You could create the synthetic pair using synthetic long and short options positions. Using a 2:1 ABX/NEM position, this would be Buy 2 calls / sell 2 puts ABX at the money Sell 1 call / buy 1 put NEM at the money Anything you do with options could relate back to this synthetic construction of the pairs trade. You could adjust/mix roll the positions whatever. I much prefer futures so can't really give advice on trading the price action of the pair with vol instruments. I'm guessing (and it seems like you know) that estimating the vol of the pair and trading that would get very complicated, very quickly for any kind of complex vol trade.

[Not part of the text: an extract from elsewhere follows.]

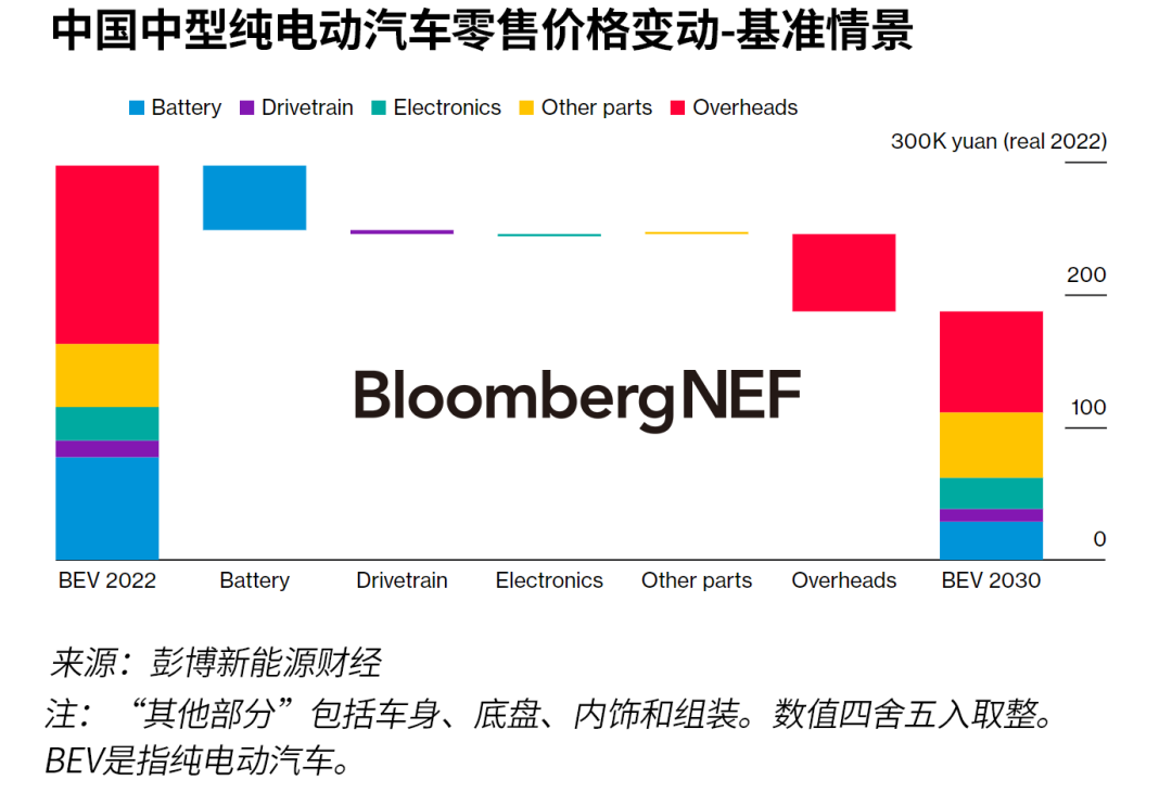 降低成本對(duì)新能源車(chē)企至關(guān)重要,因?yàn)榇蠖鄶?shù)車(chē)企尚未從新能源汽車(chē)的銷(xiāo)售中獲利。彭博新能源財(cái)經(jīng)估計(jì),從2022年到2030年底,電池價(jià)格下跌以及轉(zhuǎn)用專(zhuān)用平臺(tái)可能會(huì)使中國(guó)純電動(dòng)汽車(chē)價(jià)格下降40%。結(jié)合其他零部件和系統(tǒng)的改進(jìn),這可能會(huì)推動(dòng)純電動(dòng)汽車(chē)在2027年至2029年間實(shí)現(xiàn)燃油車(chē)平價(jià)。更廉價(jià)的電池、平臺(tái)協(xié)同效應(yīng)和產(chǎn)業(yè)價(jià)值鏈整合也是大眾汽車(chē)和比亞迪等公司成本降低路線(xiàn)圖的核心。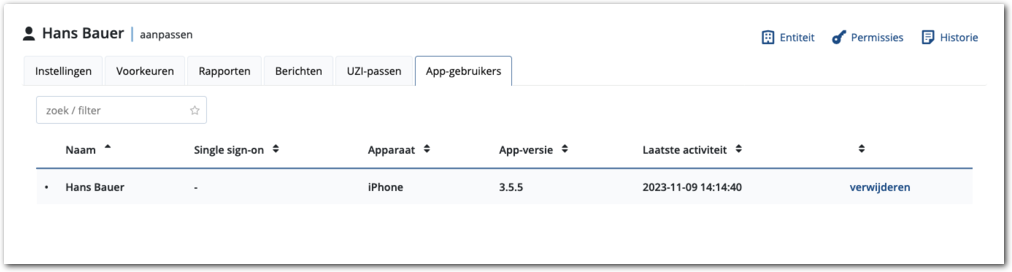 Indien gewenst kan vanuit hier een app worden ontkoppelt via de link 'verwijderen'. Deze link wordt in de regel aan de rechterzijde getoond.

Hard to get into this, even harder on a cell phone, but what the OP suggests is fine. Run a 30 day correlation. Put a filter on any data where days close to close is less than 25% of average daily movement, then you have an idea of your static net estimated exposure. Essentially a 2 product global risk. Adding a 3rd makes it a bitch. Add 6000 across 8 global markets... No comment. But when someone asks you if it's good or bad for you if the market goes up, ya gotta have some idea. Can't give 6000 answers. With that said...correlation, as I've said before, is a four letter word. Most dangerous thing in risk management, and when you add in volatility on options. Good Lord can that go bad in almost unimaginable ways. ... Nonetheless...
Not really. Correlation modifies vol. Creates it's own vol. Spread vol. Example to the extreme. 2products both trading $100, each trading 100 vol. If 100% correlated has a 0 vol. Now good Lord, should that correlation break down, vol goes to da moon. Ok.. now I have serious stuff to do. League of legends 10th anniversary event. Must play games, must get free rewards... Priorities!!!